### Task material
- Opening Delimiter -
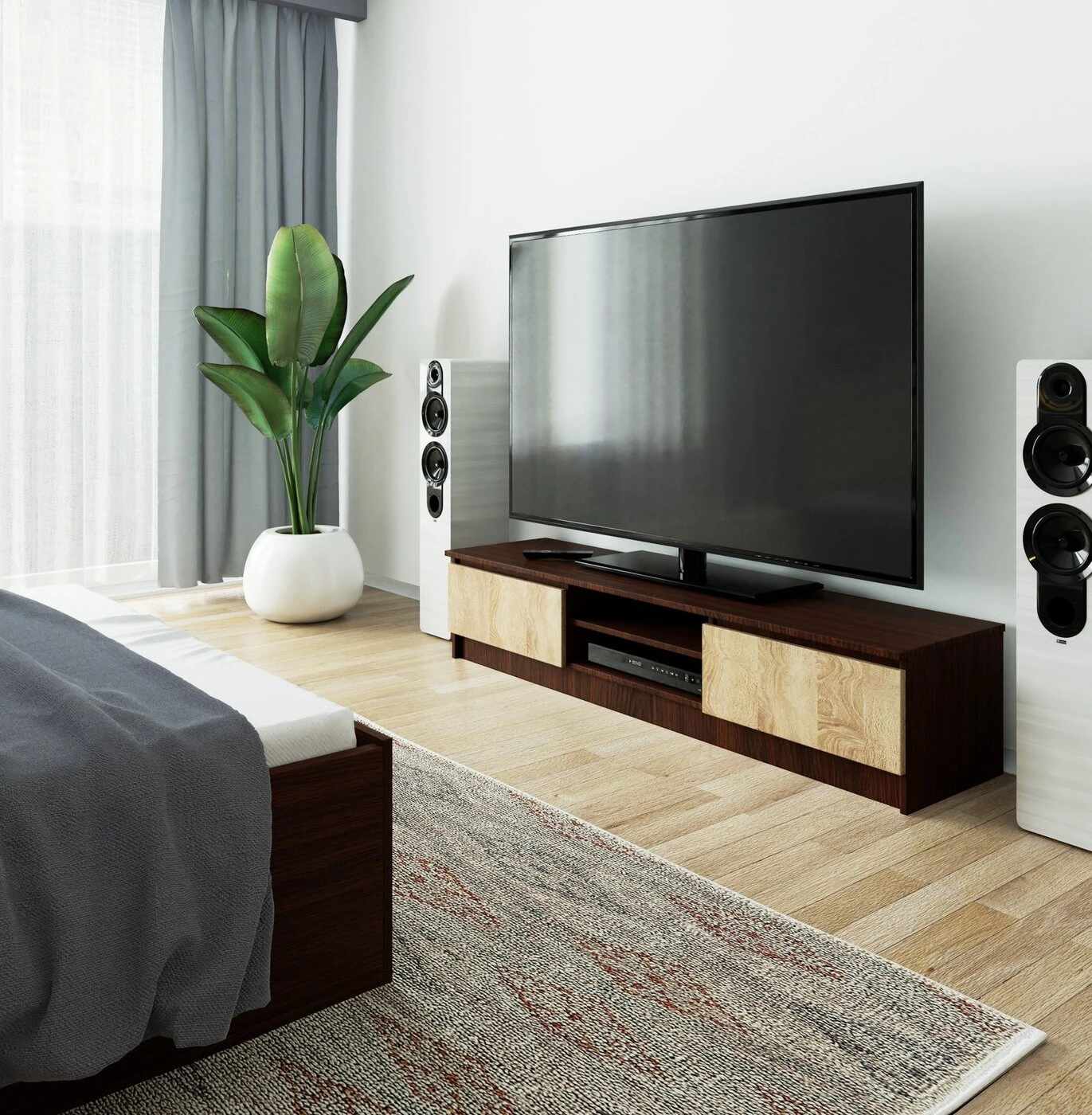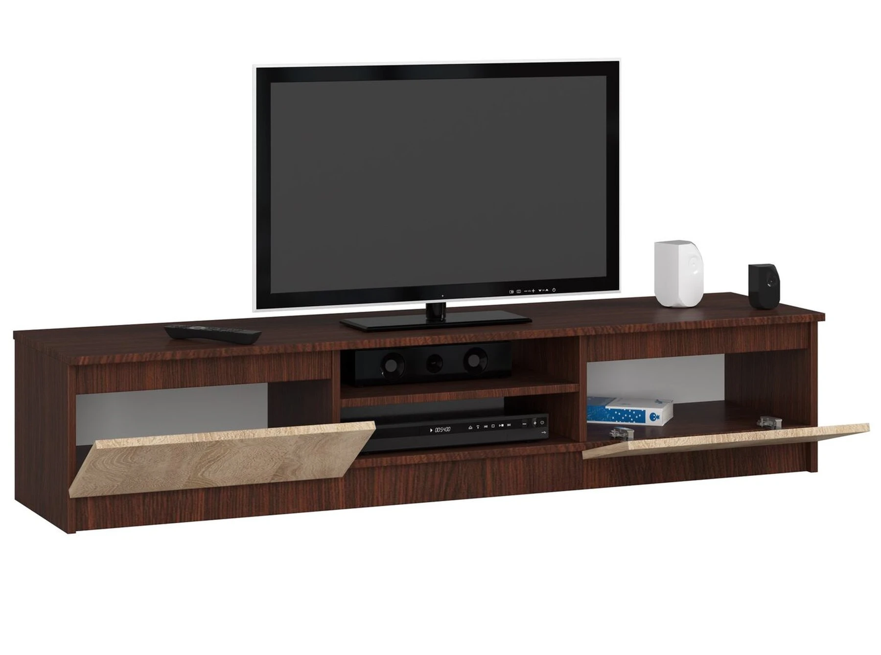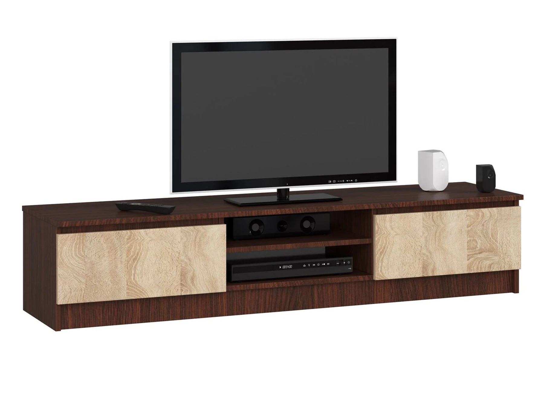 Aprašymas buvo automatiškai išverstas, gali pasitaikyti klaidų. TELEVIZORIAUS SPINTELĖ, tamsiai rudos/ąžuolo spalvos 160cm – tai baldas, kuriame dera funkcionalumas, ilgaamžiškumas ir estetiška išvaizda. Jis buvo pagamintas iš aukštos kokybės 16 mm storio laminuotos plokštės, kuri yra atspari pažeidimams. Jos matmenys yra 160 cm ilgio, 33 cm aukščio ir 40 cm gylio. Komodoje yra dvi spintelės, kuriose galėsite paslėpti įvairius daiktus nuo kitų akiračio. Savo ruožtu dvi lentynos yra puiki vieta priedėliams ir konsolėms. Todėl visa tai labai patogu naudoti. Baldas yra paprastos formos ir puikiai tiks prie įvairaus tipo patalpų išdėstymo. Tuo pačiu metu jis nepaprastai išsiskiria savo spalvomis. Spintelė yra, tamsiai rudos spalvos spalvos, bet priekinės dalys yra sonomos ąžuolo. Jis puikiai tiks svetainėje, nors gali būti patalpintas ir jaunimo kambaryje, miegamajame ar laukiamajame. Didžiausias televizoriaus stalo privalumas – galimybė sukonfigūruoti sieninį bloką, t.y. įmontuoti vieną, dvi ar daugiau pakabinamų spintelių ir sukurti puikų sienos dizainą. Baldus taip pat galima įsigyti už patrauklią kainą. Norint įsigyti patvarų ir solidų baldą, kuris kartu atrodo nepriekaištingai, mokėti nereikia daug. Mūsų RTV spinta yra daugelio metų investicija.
- Closing Delimiter -
- Opening Delimiter -
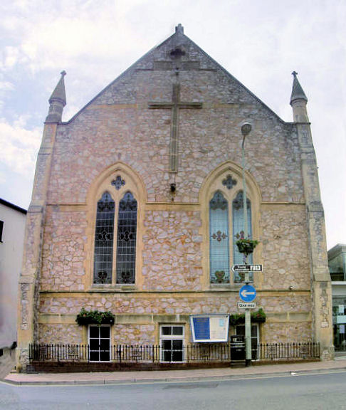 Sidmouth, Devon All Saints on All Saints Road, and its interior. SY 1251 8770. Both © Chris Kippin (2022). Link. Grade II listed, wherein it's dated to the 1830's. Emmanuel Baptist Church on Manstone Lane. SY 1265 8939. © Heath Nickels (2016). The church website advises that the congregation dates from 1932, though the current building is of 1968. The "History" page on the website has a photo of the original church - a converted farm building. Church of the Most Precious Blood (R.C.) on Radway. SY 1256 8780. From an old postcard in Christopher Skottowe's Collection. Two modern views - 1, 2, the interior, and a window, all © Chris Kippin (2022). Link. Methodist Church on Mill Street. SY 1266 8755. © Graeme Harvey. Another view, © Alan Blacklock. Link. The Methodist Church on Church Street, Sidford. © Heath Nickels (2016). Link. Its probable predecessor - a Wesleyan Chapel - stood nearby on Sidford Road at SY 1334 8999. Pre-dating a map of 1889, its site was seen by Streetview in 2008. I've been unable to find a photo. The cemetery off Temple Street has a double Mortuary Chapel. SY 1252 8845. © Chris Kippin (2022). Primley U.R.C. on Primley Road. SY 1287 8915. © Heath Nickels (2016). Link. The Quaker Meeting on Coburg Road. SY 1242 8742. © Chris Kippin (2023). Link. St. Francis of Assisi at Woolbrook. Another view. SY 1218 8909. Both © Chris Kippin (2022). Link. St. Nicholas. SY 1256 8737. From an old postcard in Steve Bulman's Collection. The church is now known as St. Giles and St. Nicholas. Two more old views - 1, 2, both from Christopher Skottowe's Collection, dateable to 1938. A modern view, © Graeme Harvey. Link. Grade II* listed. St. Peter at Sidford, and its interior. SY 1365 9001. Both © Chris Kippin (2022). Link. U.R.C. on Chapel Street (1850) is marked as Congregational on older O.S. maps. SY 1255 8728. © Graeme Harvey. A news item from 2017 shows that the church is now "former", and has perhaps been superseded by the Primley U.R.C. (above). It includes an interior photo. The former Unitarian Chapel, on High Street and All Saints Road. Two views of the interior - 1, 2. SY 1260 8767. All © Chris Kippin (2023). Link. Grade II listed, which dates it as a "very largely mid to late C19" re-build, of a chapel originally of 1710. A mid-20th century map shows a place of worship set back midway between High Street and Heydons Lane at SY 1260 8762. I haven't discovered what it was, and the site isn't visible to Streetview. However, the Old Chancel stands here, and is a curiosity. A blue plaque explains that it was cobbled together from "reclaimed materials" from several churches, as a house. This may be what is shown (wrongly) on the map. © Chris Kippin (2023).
- Closing Delimiter -
- Opening Delimiter -
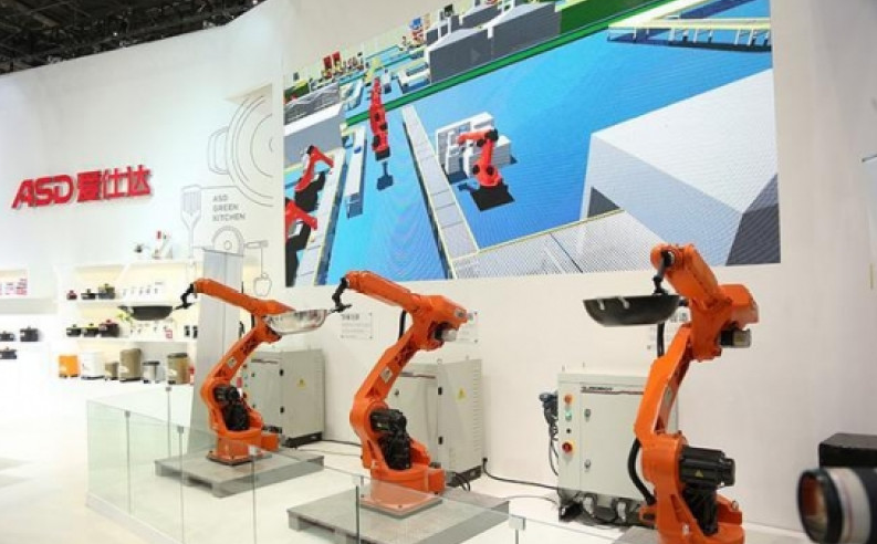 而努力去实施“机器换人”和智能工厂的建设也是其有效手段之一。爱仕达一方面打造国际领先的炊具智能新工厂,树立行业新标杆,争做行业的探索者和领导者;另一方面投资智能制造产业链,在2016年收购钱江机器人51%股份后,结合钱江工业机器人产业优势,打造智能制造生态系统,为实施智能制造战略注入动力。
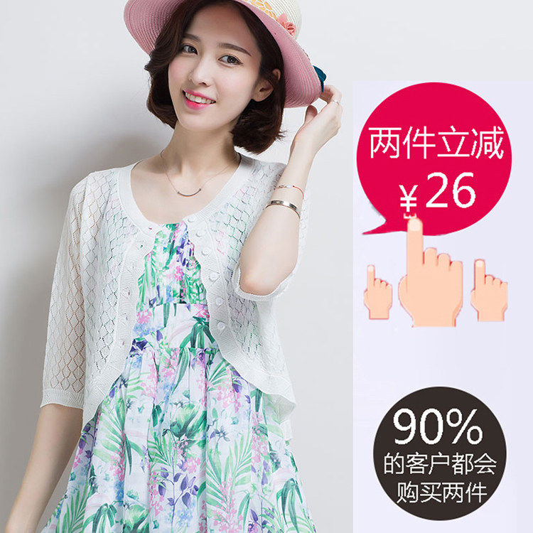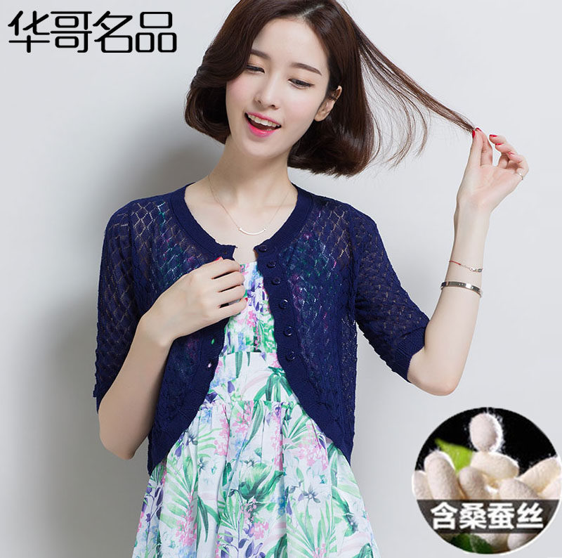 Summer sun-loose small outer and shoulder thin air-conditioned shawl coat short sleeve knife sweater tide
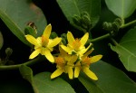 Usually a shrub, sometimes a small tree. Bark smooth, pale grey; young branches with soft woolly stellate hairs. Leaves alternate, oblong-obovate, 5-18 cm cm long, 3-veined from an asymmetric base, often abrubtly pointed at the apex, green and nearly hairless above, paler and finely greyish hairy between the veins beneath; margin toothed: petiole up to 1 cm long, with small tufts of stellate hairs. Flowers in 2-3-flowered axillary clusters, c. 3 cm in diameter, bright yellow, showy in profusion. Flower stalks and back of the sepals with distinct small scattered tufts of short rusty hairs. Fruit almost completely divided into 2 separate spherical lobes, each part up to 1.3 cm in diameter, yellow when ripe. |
- Closing Delimiter -
### Problem to work on
How would the lines above read from the one with "Summer sun-loose small" to the one with "Usually a shrub, sometimes", inclusive, with no pictures? Write them out exactly.

### Exercise solution
 Summer sun-loose small outer and shoulder thin air-conditioned shawl coat short sleeve knife sweater tide
 Usually a shrub, sometimes a small tree. Bark smooth, pale grey; young branches with soft woolly stellate hairs. Leaves alternate, oblong-obovate, 5-18 cm cm long, 3-veined from an asymmetric base, often abrubtly pointed at the apex, green and nearly hairless above, paler and finely greyish hairy between the veins beneath; margin toothed: petiole up to 1 cm long, with small tufts of stellate hairs. Flowers in 2-3-flowered axillary clusters, c. 3 cm in diameter, bright yellow, showy in profusion. Flower stalks and back of the sepals with distinct small scattered tufts of short rusty hairs. Fruit almost completely divided into 2 separate spherical lobes, each part up to 1.3 cm in diameter, yellow when ripe. |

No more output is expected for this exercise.